The carriage’s progress was slow going up the bridge’s incline because of the unsure footing for the horses, but they labored, sturdy and strong. Across the bridge they trotted now, another lone carriage passing them in the other direction.

Rose looked up and saw James watching her again. He smiled, and she warmed to his look.

The carriage sped down the other side of the arched bridge, and Vincent called to the horses, reining them in, for the ice was treacherous on the downside incline.

Without warning a horse screamed and the carriage lurched. One of the horses had fallen on the slick cobbles! James threw open the door just as the back end of the coach began to swing, making a wide, sliding arc across the breadth of the bridge. Vincent was shouting, panic in his voice. The carriage slammed against the stout railing at the bridge’s edge with an ominous cracking.

Inside the carriage, unable to see what was happening, the children were shrieking, and Glory fell to the floor. James, holding precariously to the door saw what was now inevitable—the railing was shattered, near to letting go, and the carriage was suspended over the torrent, only moments from disaster. Vincent stood in the box futilely whipping the team, but the horse still standing had no traction, and the far one was splayed on the ice, thrashing in panic.

Clara grasped at her daddy’s legs, and James stumbled over Glory on the floor. Hoarse with fear, he jerked Rose to her feet and to the doorway. “Jump!” he begged. They were hanging so deceptively near the levy.

Rose was frozen in terror, unable to look away from the pain and hopelessness on his face. James wrenched himself free from Clara’s grasp and, with one extraordinary effort, bodily vaulted Rose from the coach.

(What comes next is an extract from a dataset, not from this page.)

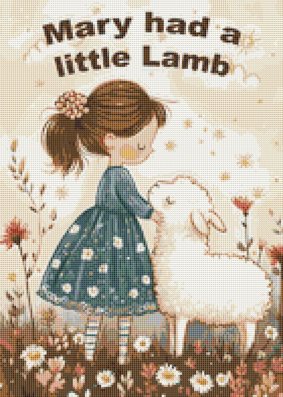 Stitch a timeless childhood classic with this gentle and heartwarming “Mary Had a Little Lamb” cross stitch pattern. Featuring Mary in a sweet floral dress standing beside her loyal lamb among meadow flowers, this storybook-inspired design feels soft, nostalgic, and comforting. The muted vintage palette and charming details make it a relaxing project and a beautiful choice for nursery décor or children’s spaces.

Then she was falling . . . Later she would never be sure if what she remembered was what she actually saw or if the horrible sounds she heard printed their own pictures forever in her mind.

The railing gave way. The carriage slid over the bridge’s edge, pulling with it the screaming team. Rose landed on the ice-strewn rocks of the levee at the water’s edge. She heard something inside herself snap and felt the painful stabs of icy water soaking her through as the current sucked and pulled.
Then she heard and felt nothing at all.